When an innovator pharmaceutical company files a New Drug Submission (NDS) or a Supplementary New Drug Submission (SNDS) with Health Canada, it may be forgiven for thinking that its submission will be held in confidence. Innovator submissions typically contain valuable and commercially sensitive information, such as manufacturing processes, and competitors may request disclosure of the submission pursuant to the Access to Information Act (the Act). This article explores recent law that describes what may happen after such a request is made.

The general rule under the Act is that the government must disclose information, such as information in a submission, to the requesting party. However, there are exemptions that protect confidential information submitted by a party. These exemptions are found under section 20(1) of the Act. Recently, the Supreme Court of Canada (SCC), in Merck Frosst Canada Ltd. v. Canada (Health), 2012 SCC 3, ruled on the scope of the exemptions under the Act.

In Merck, one of Merck's competitors made a request under the Act for disclosure of Merck's NDS and SNDS relating to the drug SingulairR. Health Canada refused to disclose some documents while disclosing others without providing notice to Merck, and requested that Merck make submissions as to why the remaining set of documents should not be disclosed to the requesting party. Merck took the position that none of the documents, including those already provided to their competitor, should be disclosed, as they are exempted under the Act. This led Merck to bring a judicial review of Health Canada's decision, which Merck eventually appealed up to the SCC.

The SCC first considered the circumstances under which notice of an intention to disclose information must be provided to the party that submitted the information. In this regard, the SCC interpreted section 27 of the Act, and held that the government may disclose information without providing notice only in clear cases where, after reviewing all of the evidence, it concludes that there is no reason to believe that the information to be disclosed falls under one of the section 20 exemptions. Such a high threshold should help to ensure that, as a standard practice, confidential information is not disclosed without providing notice to the originator of that information.

The SCC then dealt with the exemptions under section 20(1) of the Act which outline the types of information that cannot be disclosed to a requesting party. Exempted information falls into one of three categories:

  1. Trade secrets;
  2. Financial, commercial, scientific or technical information that is confidential; and
  3. Information, the disclosure of which, could reasonably be expected to result in material financial loss or gain, or prejudice the competitive position of the information provider.

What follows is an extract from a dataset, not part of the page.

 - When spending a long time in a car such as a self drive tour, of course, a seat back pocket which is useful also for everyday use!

After notice of intended disclosure is provided, the originator of the information must, if it seeks to prevent disclosure, prove on a balance of probabilities that the information falls into one of the above categories. The SCC in Merck provided the following guidelines concerning these categories.

1. Trade Secrets

The SCC's interpretation of the scope of the first category, namely trade secrets, is broader than that of the lower appellate court, essentially holding that in the context of the Act, a trade secret is a plan or process, tool, mechanism or compound which is intended to remain confidential by the party disclosing this information.

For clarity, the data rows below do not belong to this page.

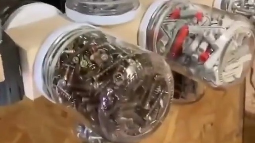 Придумал способ хранения шурупов и гвоздей в мастерской с помощью баночек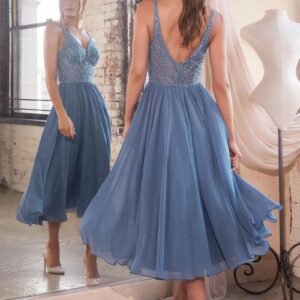 Marion Tea Length Gown – Smoky Blue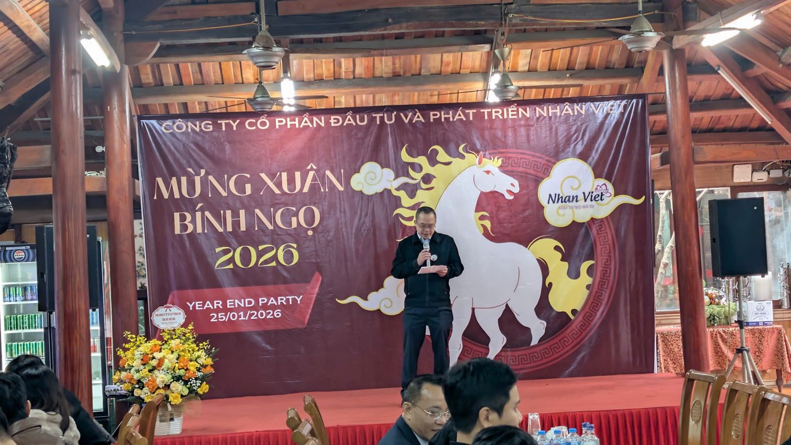 Ngày 25/01/2026, Công ty Cổ Phần Đầu tư và Phát triển Nhân Việt đã tổ chức thành công đại tiệc Tất niên 2025 (Year End Party 2025) với chủ đề "Kết nối sức mạnh - Kiến tạo tương lai". Buổi lễ là khoảnh khắc xúc động để toàn thể CBNV nhìn lại một năm 2025 đầy tự hào trong sứ mệnh cung ứng nguồn nhân lực chất lượng cho thị trường quốc tế.

2. Confidential Financial, Commercial, Scientific or Technical Information

With respect to the second exemption category, the SCC held that it does not encompass the formatting and structure of any information or submission provided to Health Canada. Furthermore, where the submission relies on publicly available materials, such as scientific articles and studies in the public domain, then such materials are not exempted from disclosure since they are not confidential. Having said this, the SCC left the door open to situations where it is not the existence of public studies and articles that is argued as being confidential, but rather the reliance on or evaluation of these studies and articles by an innovator that is confidential. Such a determination will depend entirely on the facts of a particular case.

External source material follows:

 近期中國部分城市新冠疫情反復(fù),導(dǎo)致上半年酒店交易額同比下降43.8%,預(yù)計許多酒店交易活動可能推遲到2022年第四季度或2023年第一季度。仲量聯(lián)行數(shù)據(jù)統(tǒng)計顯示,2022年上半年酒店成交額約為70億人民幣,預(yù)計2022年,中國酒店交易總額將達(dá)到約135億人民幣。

3. Material Financial Loss or Gain or Prejudice to Competitive Position

Finally, with respect to the third exemption, the SCC held that the party seeking to prevent disclosure of this category by Health Canada must establish a "reasonable expectation of probable harm." As a result, the possibility of harm is not sufficient to invoke this exemption. However, the SCC also noted that a party need not show on a balance of probabilities that harm will in fact occur as a result of disclosure. The appropriate standard is somewhere in between, and each case will turn on the evidence presented.

In summary, the SCC expanded the circumstances under which notice of intended disclosure must be given, and also clarified how the Act's exemptions will apply to commercially sensitive information. However, it should not be forgotten that the SCC dismissed Merck's appeal and did not overturn the Minister's unilateral decision to disclose Merck's information. Innovators will need to be wary about what they disclose to the Minister and, perhaps more importantly, how they respond to any notice of intended disclosure provided by the Minister.

The content of this article is intended to provide a general guide to the subject matter. Specialist advice should be sought about your specific circumstances.